Background technology
The concentration of radioactive nuclide is very low in the seawater, must carry out by enrichment system absorption, the enrichment of radioactive nuclide, just can obtain the higher sample of radionuclide amount, thereby provides the basis for the measurement of radioactive nuclide in the seawater.The fast enriching of radioactive nuclide is to improve Marine Radioactivity monitoring efficient, the nuclear emergency preparation of reduction ocean and the necessary behavior of response time in the seawater, for in time measuring radionuclide concentration in the seawater, understand the migration situation that is distributed in of radioactive nuclide in the ocean, the decision-making of alleviating action and urgent radiation protection action for the detecting of ocean nuclear accident, evaluation and accident control provides foundation.
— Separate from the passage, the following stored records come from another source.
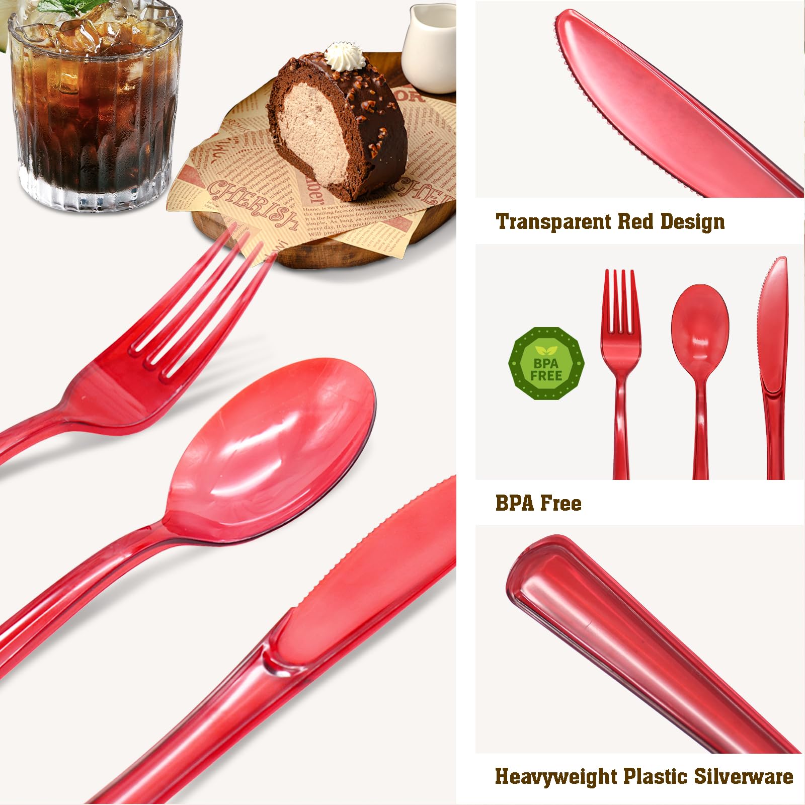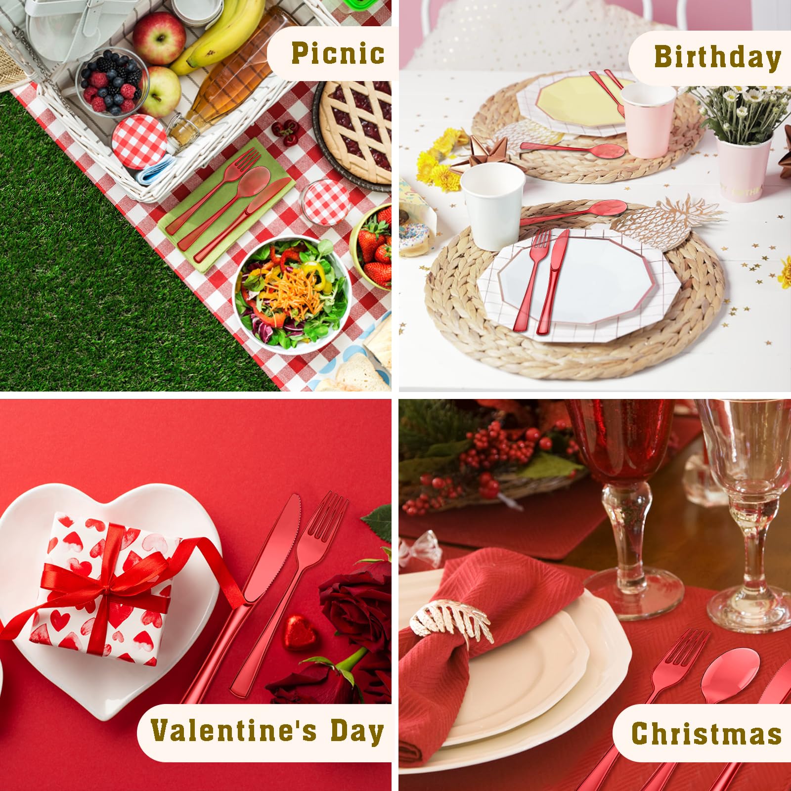 【Suitable For All Occasions】: These red plastic silverware can be widely used in birthday, wedding , Valentine's Day, graduate party, receptions, formal dinners, banquets, picnics and other theme parties, adding bright colors and enhance your table environment.
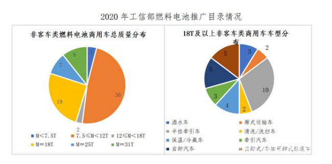 從工信上榜目錄來看:2020年工信部目錄上榜的281款燃料電池汽車,非客車類商用車上榜75款,占比26.7%,總質(zhì)量12T及以上36款,占非客車類商用車48%。其中,18T及以上就有34款,牽引車類13款(牽引車總質(zhì)量不包括拖掛車質(zhì)量,例如寶鋼的重卡總質(zhì)量18T,整備質(zhì)量8.8T,準(zhǔn)拖掛車總質(zhì)量為33.07T,既為42T半掛氫能重卡),非客車類重型商用車數(shù)量、種類和噸位都明顯上升。
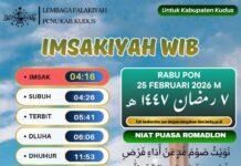 KUDUS, Suaranahdliyin.com - Jadwal Imsakiyah untuk Wilayah Kudus, 7 Ramadan 1447 H/ 25 Februari 2026.
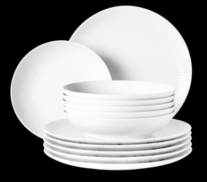 Der deutsche Markenproduzent Seltmann Weiden präsentiert mit diesem zwölfteiligen Tafelservice AMINA Speise- und Suppenteller, die qualitativ und optisch hohen Ansprüchen genügen. Die markante Rillenstruktur verleiht den Porzellantellern einen einzigartigen Touch, zugleich lassen sie sich dank schlichtem Weiß vielseitig einsetzen. Ob Mittagessen im Familienkreis oder Festessen an Weihnachten: Die eleganten Teller passen zu jedem Anlass. Als praktisch erweist sich, dass sich das Tafelservice für die Mikrowelle eignet und spülmaschinenfest ist. Das erhöht die Flexibilität und vereinfacht die Reinigung.
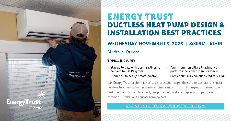 Medford, OR – Energy Trust Ductless Heat Pump Design and Installation Best Practices
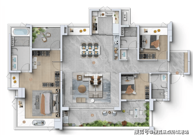 这一举措的背后,是开发商对产品力的极致追求。通过改规,新项目在空间利用率、居住舒适度、景观视野等方面实现了全面突破。特别是针对改善型客户关注的痛点,如得房率低、通风采光差、景观遮挡等问题,新规产品给出了完美的解决方案。近100%的使用率,意味着购房者购买的每一平方米建筑面积,几乎都能转化为实际可用的室内空间,真正实现了“花同样的钱,住更大的房”。
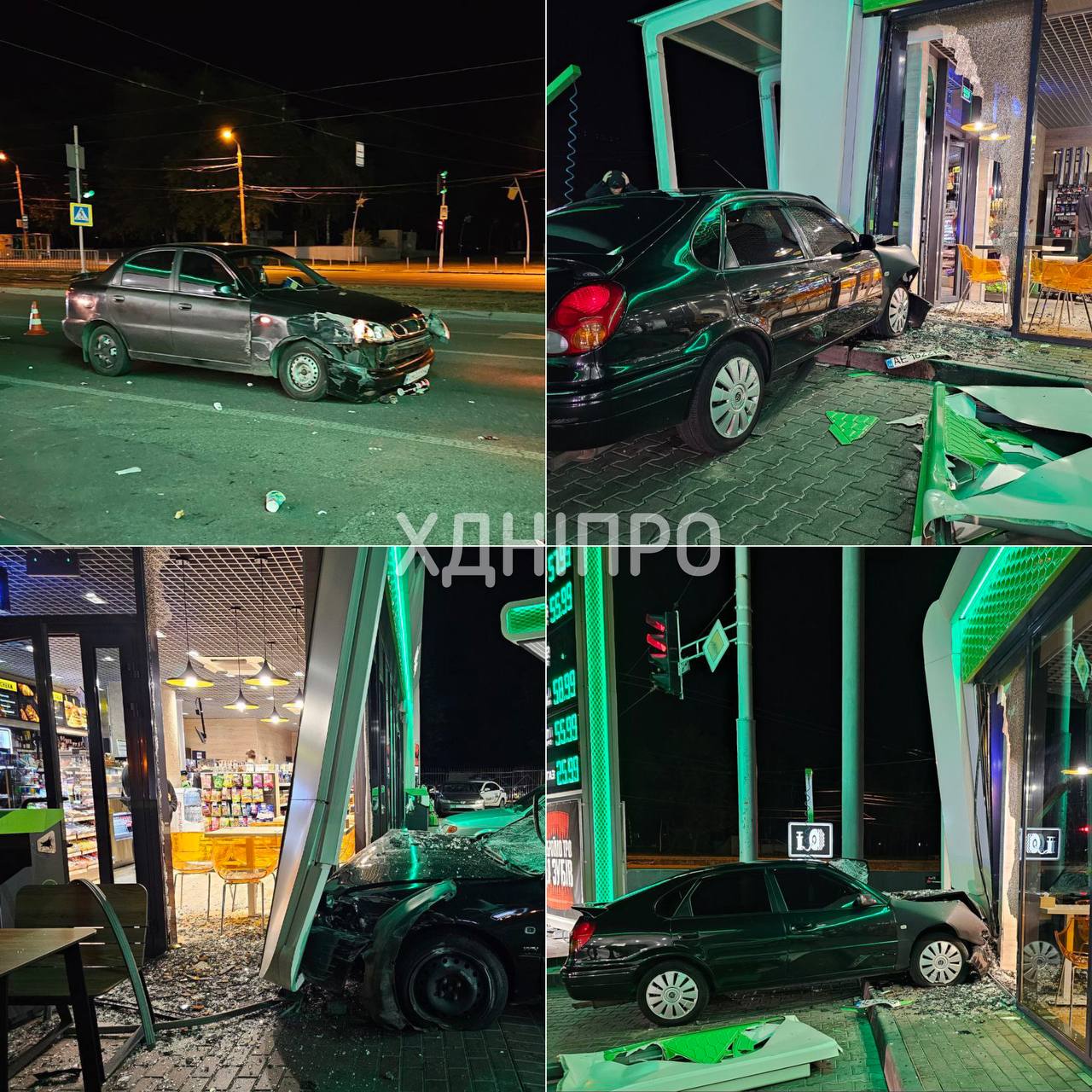 У суботу, 16 вересня, в Дніпрі сталася ДТП за участю трьох автомобілів, один з яких врізався у вітрину АЗС OKKO. Про це повідомляють місцеві ЗМІ.
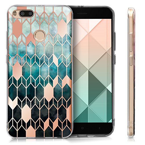 Kwmobile Cover compatibile con Xiaomi Mi 5X / Mi A1 - Back Case Custodia in silicone TPU trasparente blu / oro rosa
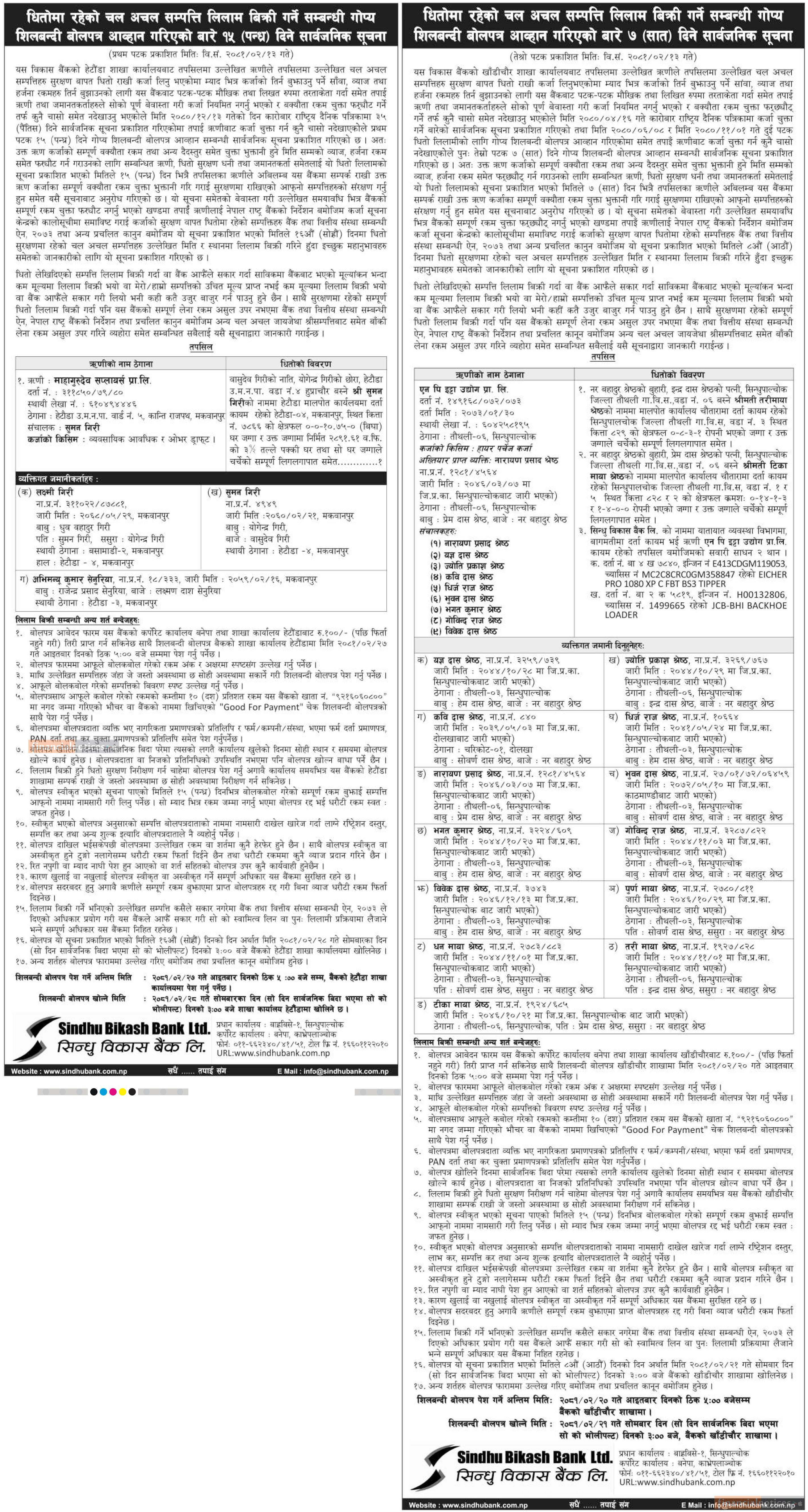 धितोमा रहेको चल अचल सम्पत्ति लिलाम बिक्री गर्ने सम्बन्धी सूचना
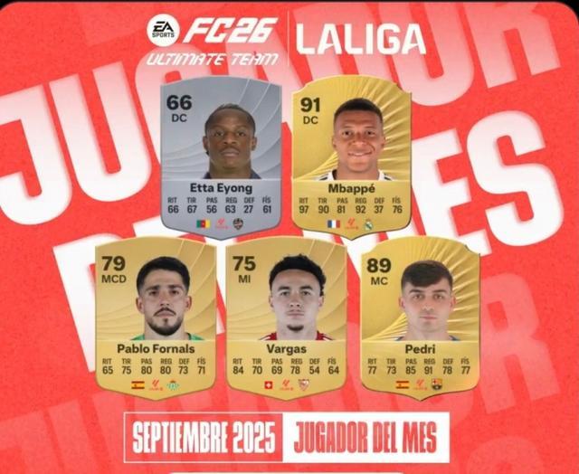 9月24日讯 西甲官方评选出9月份最佳球员候选名单,其中姆巴佩、佩德里领衔,具体如下:
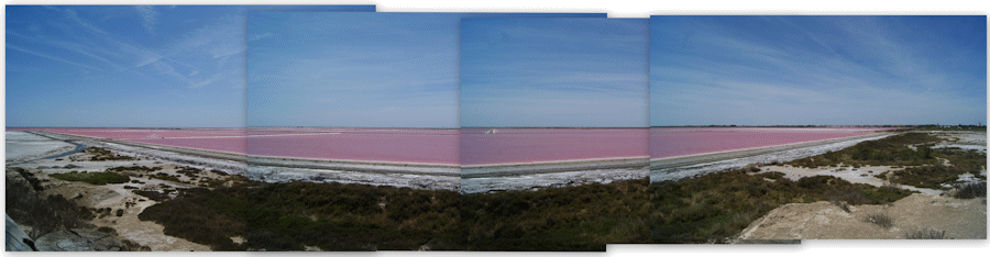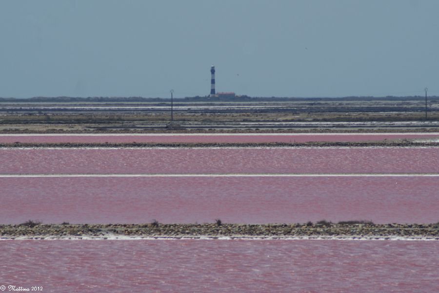 Wir klettern den Hügel hinauf und haben nun einen Überblick über das Ausmaß der Salinen. Blick auf den Phare de Faraman

On March 11st, 2011,9.0 grades of violent earthquakes of Richter scale and strong tsunami occur in northeastern Japan section, and then the Fukushima nuclear power station radiomaterial leakage accident that causes causes global concern.After nuclear accident occured, radiomaterial was discharged in the environment in a large number, Environment Ecological Safe and public health has been produced impact, and spread to the whole world by approach such as ocean, atmosphere.Radionuclide concentration in the Quick Measurement seawater, diffusion and the migration process of assessment radiomaterial in the ocean become important research contents.Set up fast enriching and the analytical approach of marine environment radioactive nuclide, develop that the radioactive nuclide enrichment method just seems particularly important and urgent in the seawater fast under the background of Fukushima nuclear crisis.
The enrichment method of radioactive nuclide is divided into two kinds in the seawater:
(1) radiochemistry disposal route.The method need to gather a large amount of seawater samples, in earlier stage processes enriched sample by radiochemistry, and flowchart process is numerous, the time is long, efficient is low.
(2) directly filter enrichment method.Utilize the radioactive nuclide in the direct adsorbing seawater of enriching column.Used sorbing material generally is ammonium phosphomolybdate (AMP) or ferrocyanide, utilizes them to caesium-137(
137Cs) characterization of adsorption reaches absorption and enrichment purpose.But because there are the shortcomings such as unicity or efficient are low in these enrichment materials to nucleic, the range of application of the method is also very limited.
Along with the fast development that China's nuclear energy and nuclear technology are utilized, study the fast enriching method of multiple radioactive nuclide in the seawater, improve the actual effect of whole processing and measurement procedure, become the active demand in the environmental monitoring, have very important significance.
Summary of the invention
The object of the invention is to the problems such as numerous for the process that exists in radioactive nuclide enrichment and the analytical approach in the existing seawater, that the time is long, efficient is low, the fast enriching that can realize radioactive nuclide in the seawater is provided, effectively promote to radioactive nuclide enrichment in the seawater with process ageing a kind of based on radioactive nuclide enrichment system in the seawater of graphene oxide.
The present invention is provided with seawater collecting unit, impurity clearing cell, flow meter unit and enricher unit, the seawer outlet of described seawater collecting unit connects the entrance of impurity clearing cell, the outlet of impurity clearing cell is connected through the entrance of flow meter unit with the enricher unit, and the enriching apparatus of graphene oxide material cell is loaded at least one in described enricher unit.
Between seawater collecting unit and impurity clearing cell, can be provided with the 1st seawater velocity control module, between impurity clearing cell and flow meter unit, can be provided with the 2nd seawater velocity control module.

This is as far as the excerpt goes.